Maori de Nouvelle-Zélande, Zulu d'Afrique du Sud ou Mapuche d'Argentine, Caryl Férey nous embarque pour un voyage qui n'a rien de touristique. S'il reconnaît qu'il faut être engagé dans la vie, il refuse d'être manichéen dans ses écrits, « car il n'y a pas de bon ou de méchant ».

Immergé au cœur des villes étrangères pendant plusieurs semaines, il sillonne les alentours à la rencontre des gens, dans les bars, des endroits un peu incroyables, la nuit pour sortir des sentiers battus « et voir la vraie vie ». Il en extrait des héros plutôt cassés mais toujours en lutte.

Au cœur de l'altérité

Et contre toute attente, sa première réflexion avant d'entamer l'écriture est de savoir qui s'aime. « Je tiens à écrire dans tous mes livres une histoire d'amour. Sans ça je n'écris pas. Dans Mapuche, j'ai voulu une héroïne qui avait une histoire d'amour avec un mec. Les scènes entre eux n'ont rien à voir avec le polar ou très peu, mais elles sont le pilier de mes écrits. »

Qu'elle soit épouse, mère, sœur ou bien fille... les femmes ne sont jamais très loin dans les écrits de Caryl Férey. Et ce n'est pas pour satisfaire les 70% de lectrices de roman noir.

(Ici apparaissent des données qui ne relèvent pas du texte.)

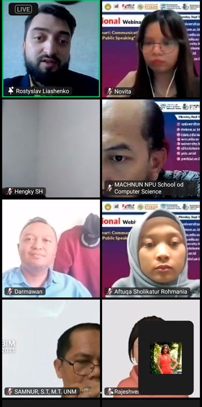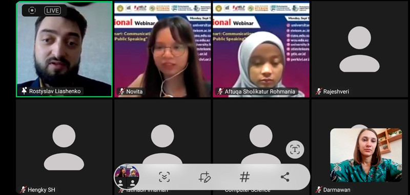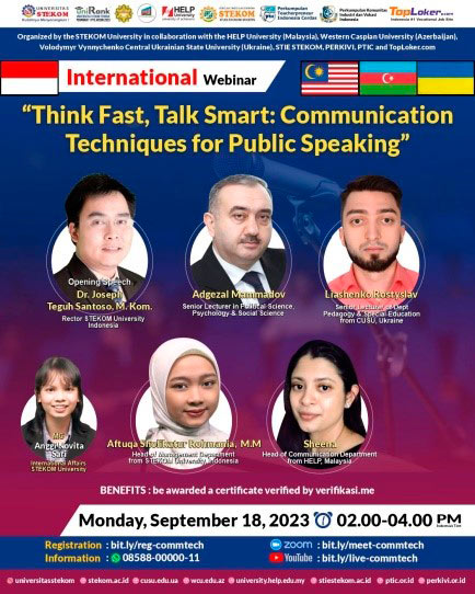 18 вересня 2023 року на базі Університету комп’ютерних наук і технологій STEKOM (Семаранг, Центральна Ява, Індонезія) у співпраці з Центральноукраїнським державним університетом імені В.Винниченка (Україна), Університетом HELP (Малайзія), Західно-Каспійським університетом (Азербайджан), Асоціацією промислових та професійних громад (PERKIVI) та Індонезійською асоціацією вчителів (PTIC) пройшов міжнародний онлайн-вебінар «Think Fast, Talk Smart: Communication Techniques for Public Speaking» (Техніка спілкування під час публічних виступів).
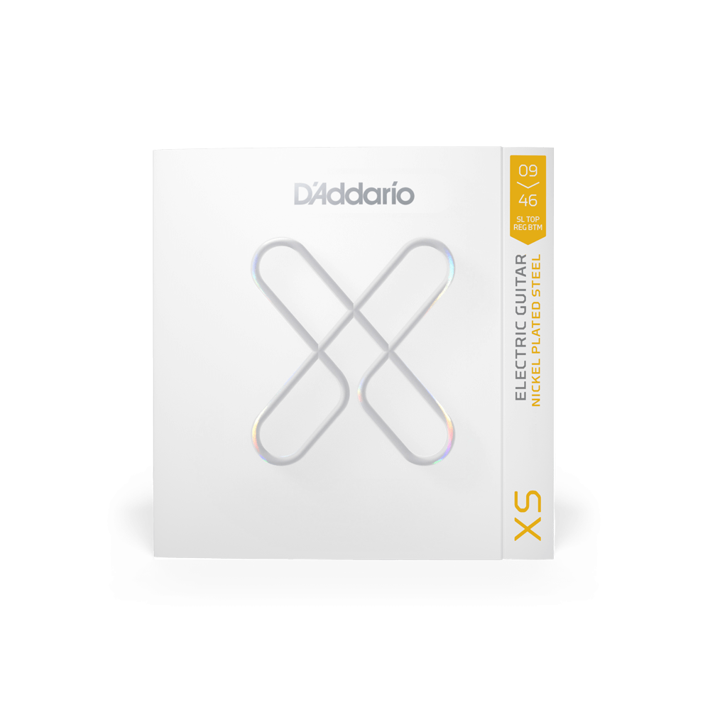 XS Nickel coated electric guitar strings provide the longest life of any D’Addario electric guitar string. Coated with our groundbreaking XS coating, these premium electric strings attain maximum life and a smooth, fast feel without dampening their outstanding tone. Constructed with a NY Steel core, reformulated nickel-plated steel wrap wire, and Fusion Twist technology, XS Nickel strings boast superior strength and tuning stability, plus richer harmonics, greater clarity, and remarkable definition with every sweep, slide, and bend. This 09-46 Super Light Top/Reg Bottom gauge set has more low-end tone than Super Light, while staying flexible for bends.

« Je ne ferai jamais des trucs pour faire plaisir aux gens. En revanche je me range souvent du côté des femmes. Chez nous les choses ont évolué, mais dans certains pays, elles trinquent. J'avoue davantage d'empathie pour une femme que pour un banquier de 40 ans. »

L'intrigue du prochain roman de Caryl Férey se déroulera au Chili. Il vient d'en remettre la première version à son éditeur. Encore un peu de patience, la sortie est prévue au printemps 2016.